Deli Serdang.AnalisaOne.com – Praktik penambangan galian golongan C ilegal di bantaran Sungai Ular, Desa Sumberejo, Kecamatan Pagar Merbau, Deli Serdang, kian meresahkan dan terang-terangan tak mengindahkan hukum.
Meskipun berulang kali dirazia aparat, para pengusaha tambang ilegal ini tetap beroperasi 24 jam sehari, memicu kecurigaan warga akan adanya “backing” diduga dari oknum berseragam loreng.
Pantauan wartawan pada aktivitas pengorekan tanah bantaran sungai ular masih berlangsung masif tanpa adanya tindakan.
Padahal, larangan keras telah disampaikan oleh aparat penegak hukum, termasuk Polresta Deli Serdang dan Polsek Pagar Merbau.
“Sudah ada 3 kali razia yang dilakukan oleh kepolisian dan TNI juga pihak pemerintahan kecamatan dan desa turut serta, namun para pengusaha tetap saja melakukan kegiatan mengorek tanah bantaran sungai ular tersebut,” ungkap Rulan (nama samaran), seorang warga Kecamatan Pagar Merbau, kepada awak media pada Rabu malam, (10/9).
Kecurigaan warga semakin menguat lantaran setiap razia, tidak ada satupun pengusaha yang ditangkap atau alat berat ekskavator yang disita.
“Kami warga ada merasa bingung karena mengapa tidak ada yang ditangkap, seperti pengusahanya atau ekskavator yang mereka gunakan. Mungkin itu yang membuat korekan tetap berjalan,” tambah Rulan, seraya menduga kuat, “menurut informasi bahwa pengusaha galian C di-back up oleh oknum baju loreng 3 orang yang ada di Deli Serdang ini.”

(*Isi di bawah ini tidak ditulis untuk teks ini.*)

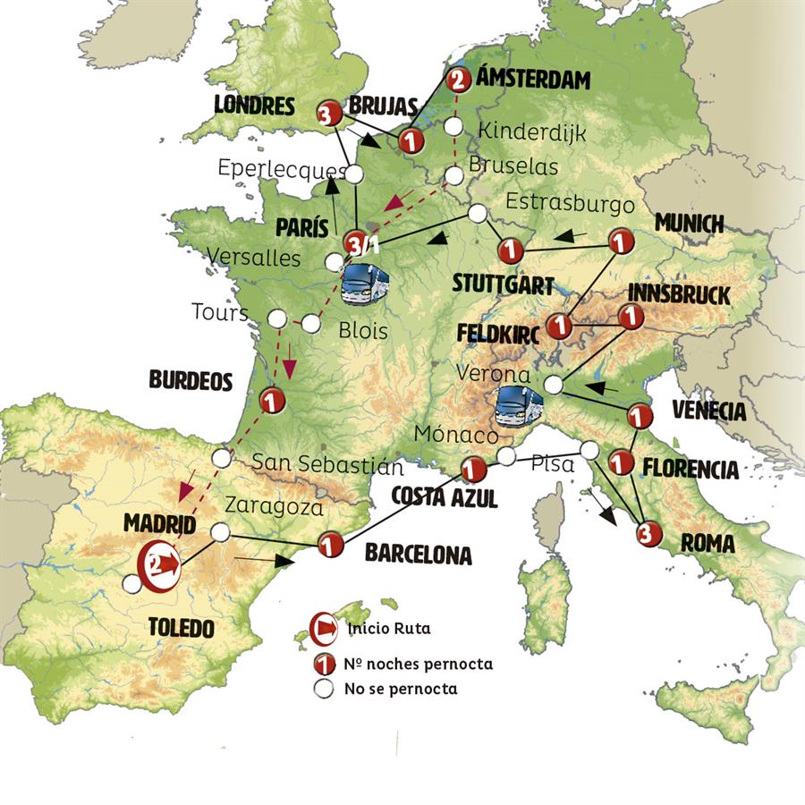 MADRID, ZARAGOZA, BARCELONA, COSTA AZUL, MONACO, GENOVA, PISA, FLORENCIA, ROMA, BOLONIA, FERRARA, VENECIA, VERONA, LAGO DE GARDA, INNSBRUCK, ZUGSPITZE, FELDKIRCH, LAGO CONSTANZA, LINDAU, MUNICH, STUTTGART, HEIDELBERG, ESTRASBURGO, PARIS, CANTERBURY, LONDRES, CANAL DE LA MANCHA, BRUJAS, GANTE, MIDDELBURG, ROTTERDAM, AMSTERDAM

Kegiatan ilegal ini jelas melanggar Undang-Undang Nomor 3 Tahun 2020 tentang Pertambangan Mineral dan Batubara (UU Minerba), khususnya Pasal 158 yang mengancam pelaku penambangan tanpa izin dengan pidana penjara maksimal 5 tahun dan denda Rp100 miliar.

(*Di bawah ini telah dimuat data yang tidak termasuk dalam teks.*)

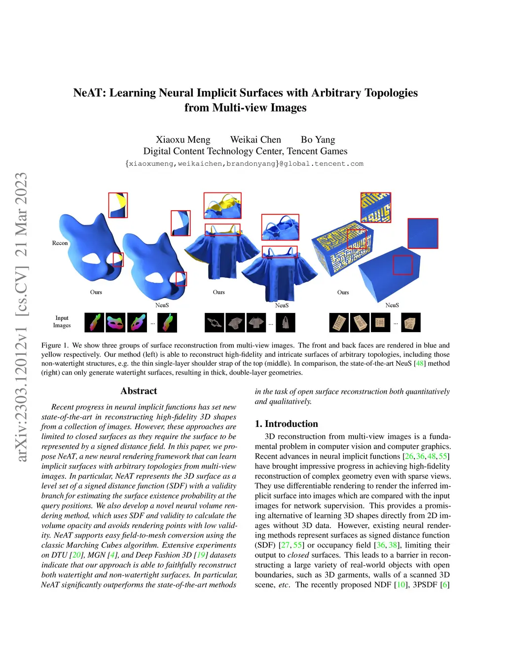 Recent progress in neural implicit functions has set new state-of-the-art in reconstructing high-fidelity 3D shapes from a collection of images. However, these approaches are limited to closed surfaces as they require the surface to be represented by a signed distance field. In this paper, we propose NeAT, a new neural rendering framework that can learn implicit surfaces with arbitrary topologies from multi-view images. In particular, NeAT represents the 3D surface as a level set of a signed distance function (SDF) with a validity branch for estimating the surface existence probability at the query positions. We also develop a novel neural volume rendering method, which uses SDF and validity to calculate the volume opacity and avoids rendering points with low validity. NeAT supports easy field-to-mesh conversion using the classic Marching Cubes algorithm. Extensive experiments on DTU, MGN, and Deep Fashion 3D datasets indicate that our approach is able to faithfully reconstruct both watertight and non-watertight surfaces. In particular, NeAT significantly outperforms the state-of-the-art methods in the task of open surface reconstruction both quantitatively and qualitatively.

Tak hanya itu, pihak yang menampung atau membeli hasil galian ilegal juga dapat dijerat Pasal 161 UU Minerba dan Pasal 480 Kitab Undang-Undang Hukum Pidana (KUHP) tentang penadah barang hasil kejahatan.
Menanggapi situasi yang tak kunjung usai dan dugaan keterlibatan oknum, warga mendesak Kapolda Sumatera Utara, Pangdam I Bukit Barisan (cq. Kodim 0204 Deli Serdang), serta Danpom Deli Serdang untuk segera turun tangan.
“Warga meminta kepada Bapak Kapolda Sumatera Utara dan Pangdam I Bukit Barisan cq. Kodim 0204 Deli Serdang serta Danpom Deli Serdang untuk melakukan pengawasan yang lebih ketat, tangkap dan adili para pelaku pelanggaran hukum siapa saja tidak pandang bulu demi Negara Kesatuan Republik Indonesia – Merah Putih Tercinta,” demikian bunyi permohonan tegas dari warga.
Hingga berita ini diturunkan, upaya konfirmasi tim media kepada Kapolresta Deli Serdang melalui WhatsApp pada Rabu (10-09-2025) belum mendapatkan respons.(rul).